Ibnu Taimiyyah mempunyai pendapat lain. Ia berkata, “Wajib mencuci pakaian yang terkena nanah beku dan nanah yang bercampur darah. Hal ini disebabkan tidak adanya dalil yang menjelaskan tentang hukum kenajisannya.” Meskipun demikian, kita harus selalu berusaha semaksimal mungkin untuk menghindari benda-benda tersebut.
3. Daging babi
Allah swt. berfirman,
“…atau daging babi, karena sesungguhnya semua itu kotor…” (Al-An‘ām [6]: 145)
Dengan kata lain, semua yang disebutkan dalam ayat ini merupakan sesuatu yang menjijikkan dan tidak disenangi oleh kebanyakan orang. Kata ganti “Hu” (dia) dalam ayat di atas kembali pada ketiga jenis benda yang telah disebut sebelumnya, yaitu bangkai, darah yang mengalir dan daging babi.
Menurut pendapat ulama yang kuat, bulu babi boleh dijadikan untuk benang jahit.
4. Muntah, air kencing, kotoran manusia
Para ulama sepakat bahwa semua benda di atas (muntah, air kencing, dan kotoran manusia pada umumnya) adalah najis. Tapi untuk muntah yang sedikit, ia masih dimaafkan. Begitu juga halnya dengan kencing bayi laki-laki yang hanya meminum air susu ibu (ASI), cara membersihkannya cukup dengan memercikkan air.
Adapun dalilnya adalah hadits Ummu Qais ra., “Dia pernah mendatangi Rasulullah saw. dengan membawa bayi laki-lakinya yang belum memakan makanan apapun. Saat itu, sang bayi kencing di pangkuan beliau. Lalu Rasulullah saw. meminta air dan memercikkannya (an-Nadhu) pada pakaian yang terkena kencing bayi.”
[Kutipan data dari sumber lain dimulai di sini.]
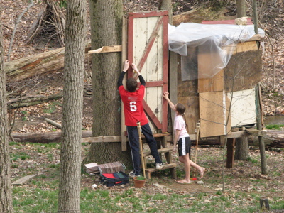 1. Yes Di, this is a “new” fort, in the ever growing fort complex in our woods. Sometimes I think they are building their own city! 🙂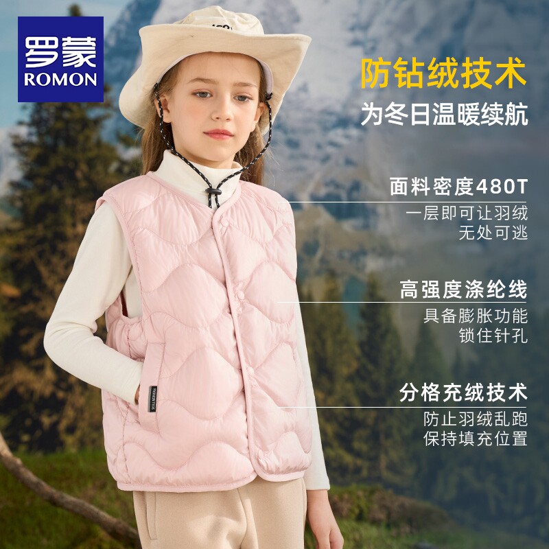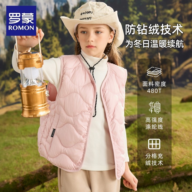 罗蒙儿童羽绒马甲女童宝宝内穿保暖轻薄背心2025新款外穿冬装坎肩

Ali ra. berkata, Rasulullah saw. bersabda,
“Kencing bayi laki-laki cukup dipercikkan air padanya, sedangkan kencing bayi perempuan hendaknya dicuci.”
Qatadah berkata, “Kondisi yang sedemikian itu, selama bayi belum diberi makan. Tetapi, jika sudah diberi makan sebagaimana layaknya orang dewasa, maka (tempat yang terkena kencingnya) wajib dicuci.” HR Ahmad.
Redaksi hadits di atas sesuai dengan riwayat Imam Ahmad dan Ashhāb as-Sunan kecuali Nasai. Al-Hafidz Ibnu Hajar mengatakan dalam kitab Fath al-Bāri, sanad hadits ini sahih.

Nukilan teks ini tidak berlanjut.